Annulation du 38e Marché de la Poésie, lettre ouverte au Préfet de police de Paris

Paris, le 27 octobre 2020

Monsieur le Préfet, 

À l’heure où nous nous décidons de vous écrire, pour la première fois de son histoire, le Marché de la Poésie ne s’est pas tenu. 

Vous avez en effet, Monsieur le Préfet, décidé de vous complaire dans un silence ambigu et de ne pas répondre aux demandes prudentes de la Foire Saint-Sulpice sur la poursuite de ses activités en un lieu ouvert.
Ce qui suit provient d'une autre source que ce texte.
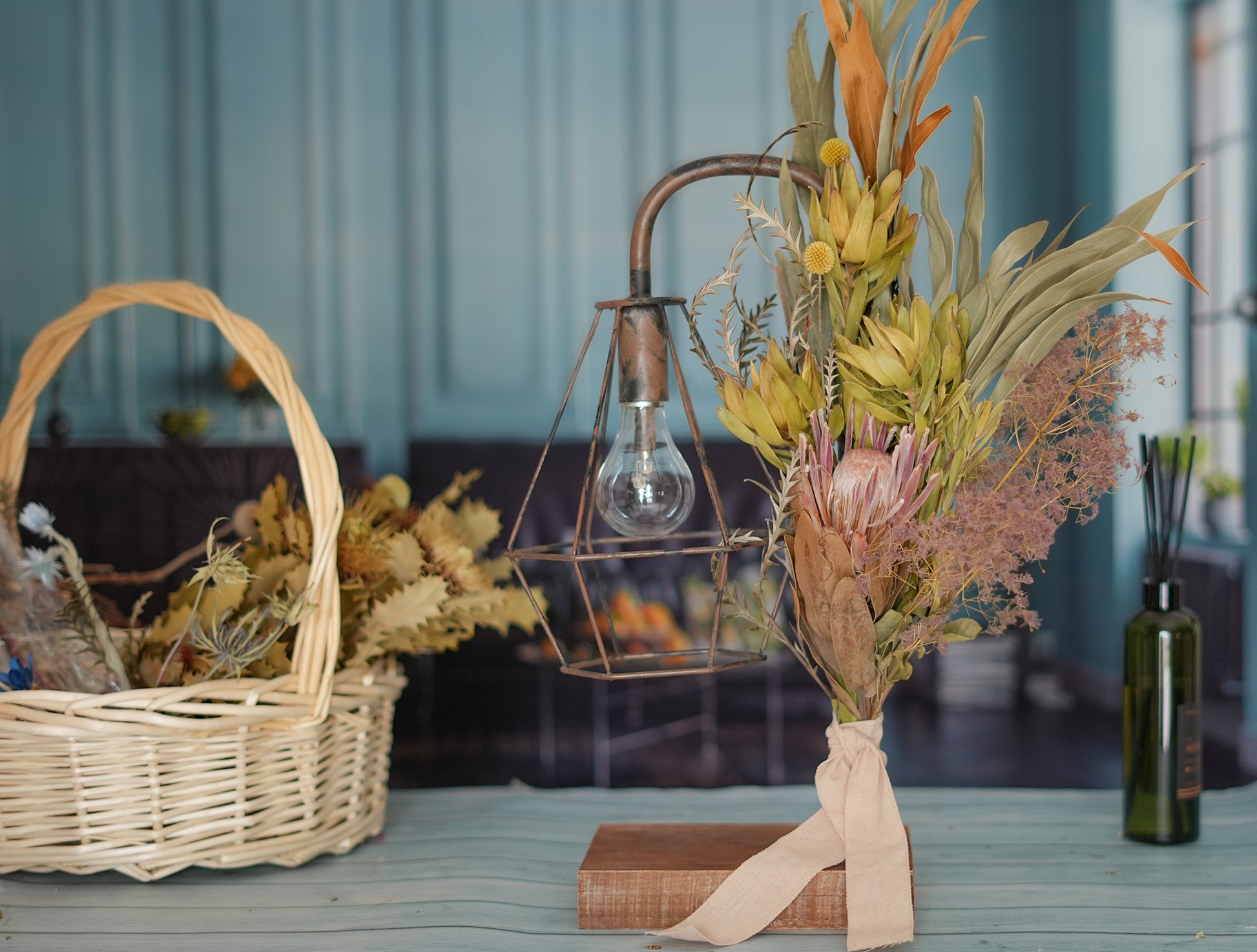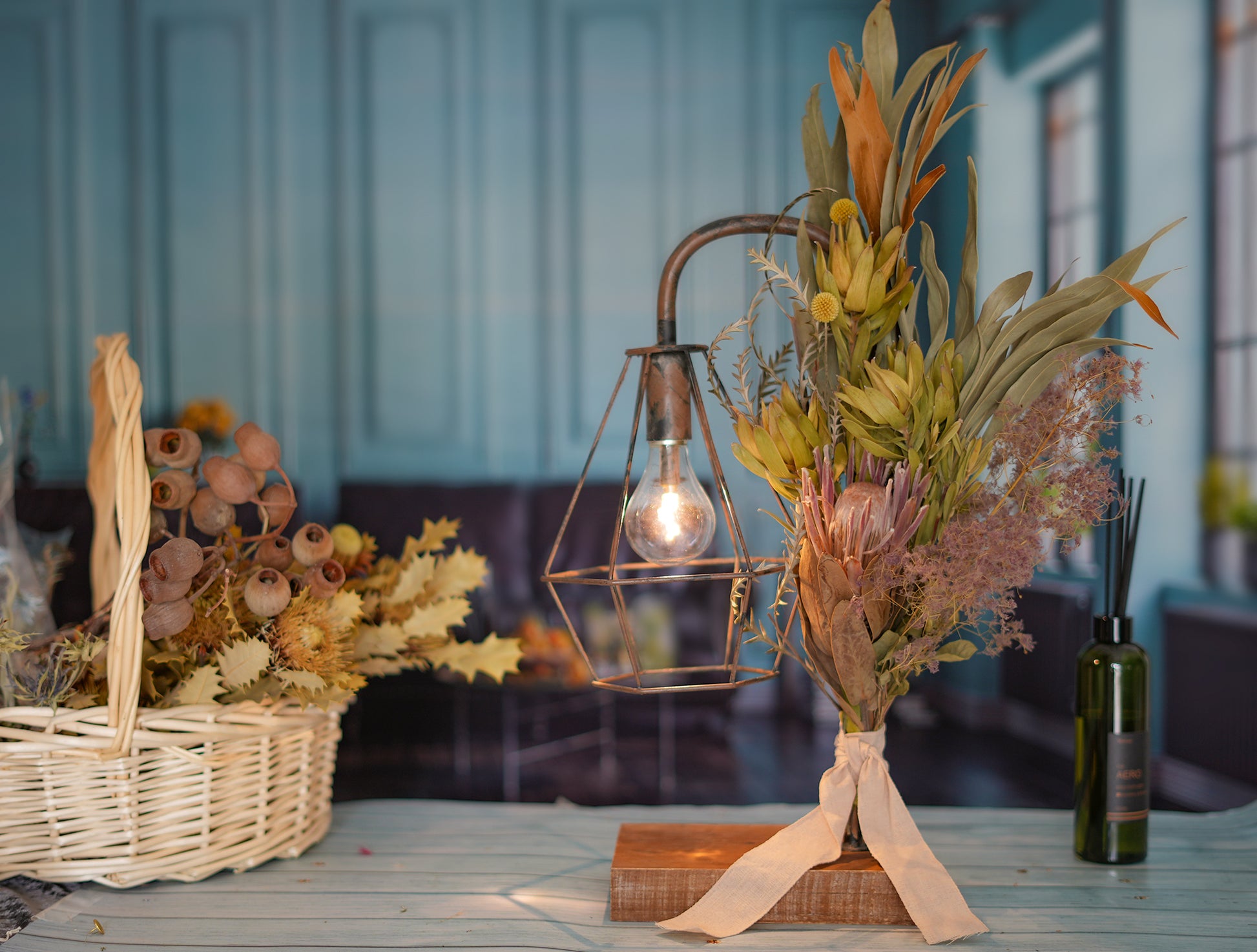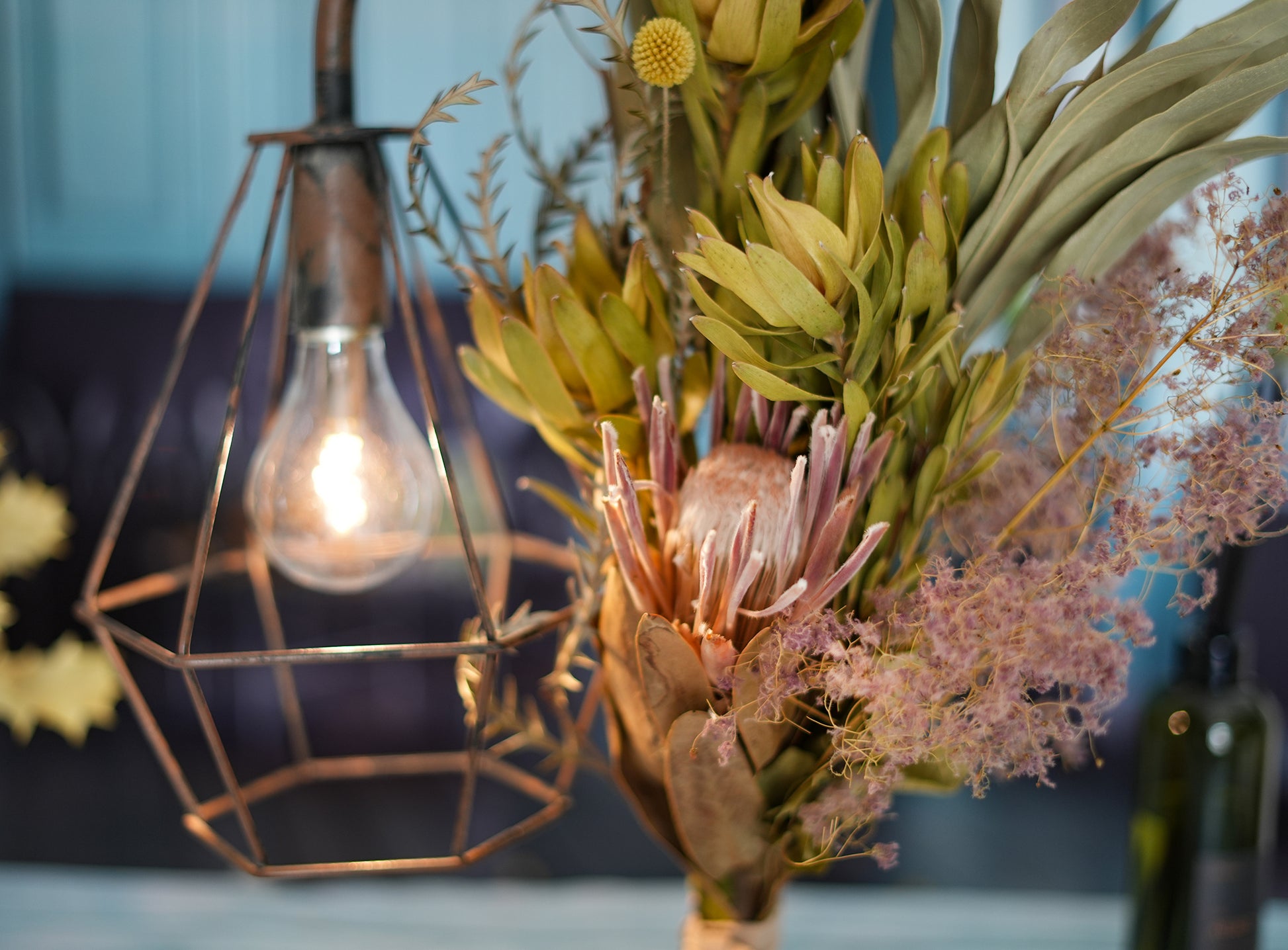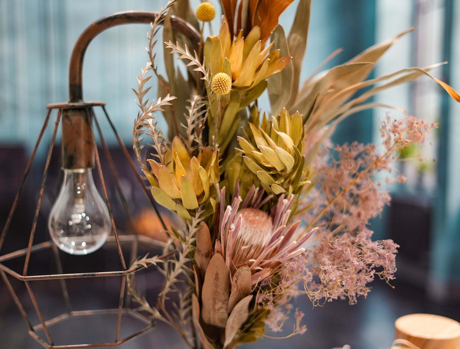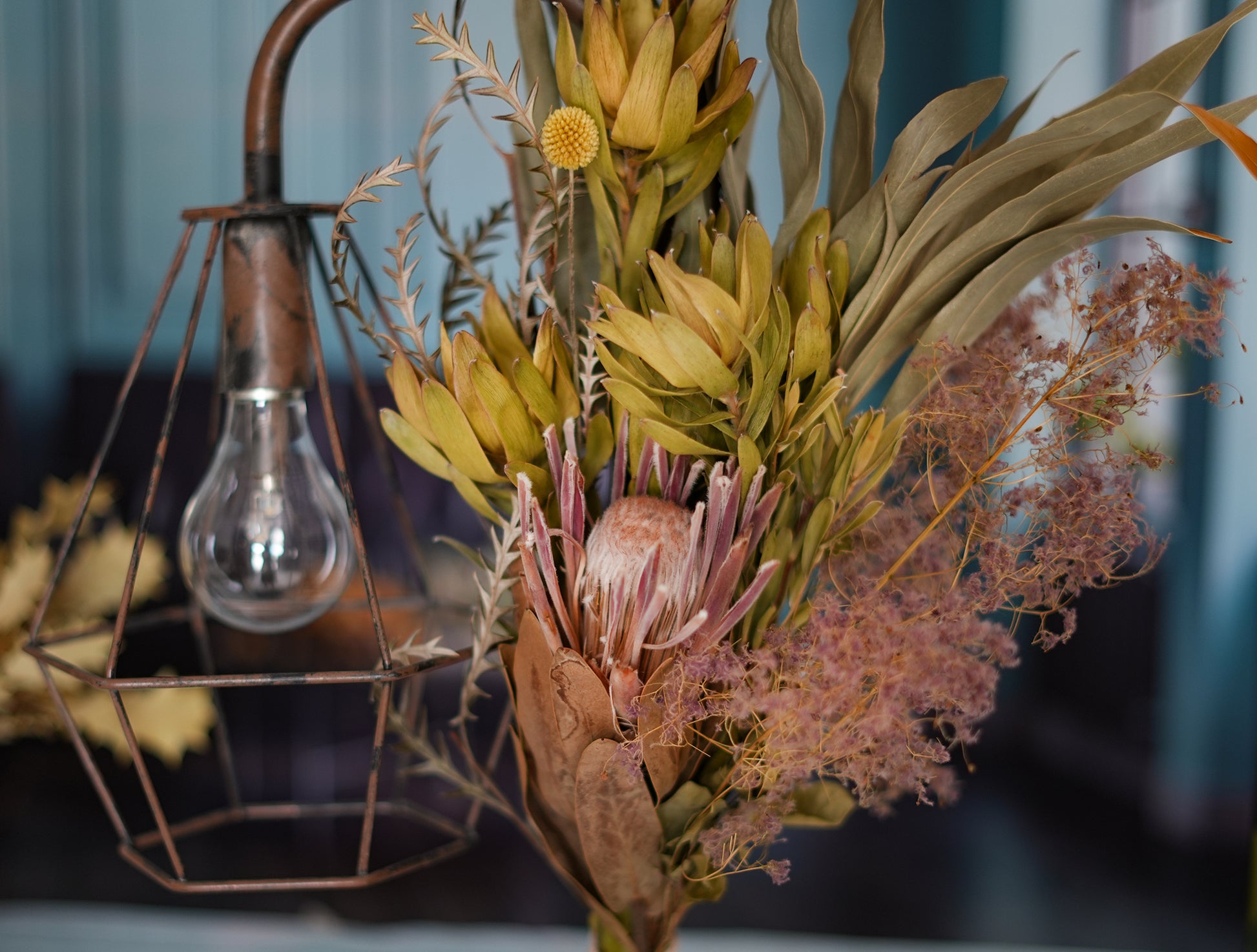 プロテアやリューカデンドロンなど、人気のワイルドフラワーを使用したブーケでランプを装飾しました。

L’immédiate conséquence de votre mutisme fut l’annulation des événements à venir de cette Foire et, par conséquent, du 38e Marché de la Poésie pour lequel nous avions, dans le strict respect des mesures sanitaires, tout mis en œuvre pour suivre les gestes barrières et maîtriser le flux du public. 

Dans le même temps, vous autorisez que se tienne dans un lieu fermé, en l’occurrence le Carreau du Temple, un Salon intitulé « Les galeristes », dédié à l’art contemporain, ce dont nous nous réjouissons pour ses organisateurs. Mais, ce double régime manifeste une incohérence décisionnelle patente et s’apparente à une grave injustice relevant d’un acte arbitraire sans justification publique, véritable fait du prince. 

Ainsi, alors que les marchés alimentaires sont autorisés, qu’un grand nombre de manifestations sportives ont lieu, de nombreux événements culturels comme le nôtre se voient-ils interdits car la préfecture de police, sous votre autorité, en déciderait seule, arbitrairement. Votre rôle de Préfet n’est-il pas pourtant d’être au service de la République et de ses valeurs, dont les fondements sont « Liberté – Égalité – Fraternité » ? 

Certes, le Marché de la Poésie n’appartient pas au secteur des « industries culturelles ». Il se tient aux côtés d’artisans de la culture qui œuvrent pour la faire vivre sous ses formes les plus modestes, souvent les plus fragiles mais non moins essentielles. Leurs enjeux économiques n’ont pas la même ampleur que ceux des grandes structures. Toutefois, ces artisans de la culture que le Marché de la Poésie défend et promeut ont tout autant le droit que quiconque d’exercer leur métier et de rencontrer leur public. 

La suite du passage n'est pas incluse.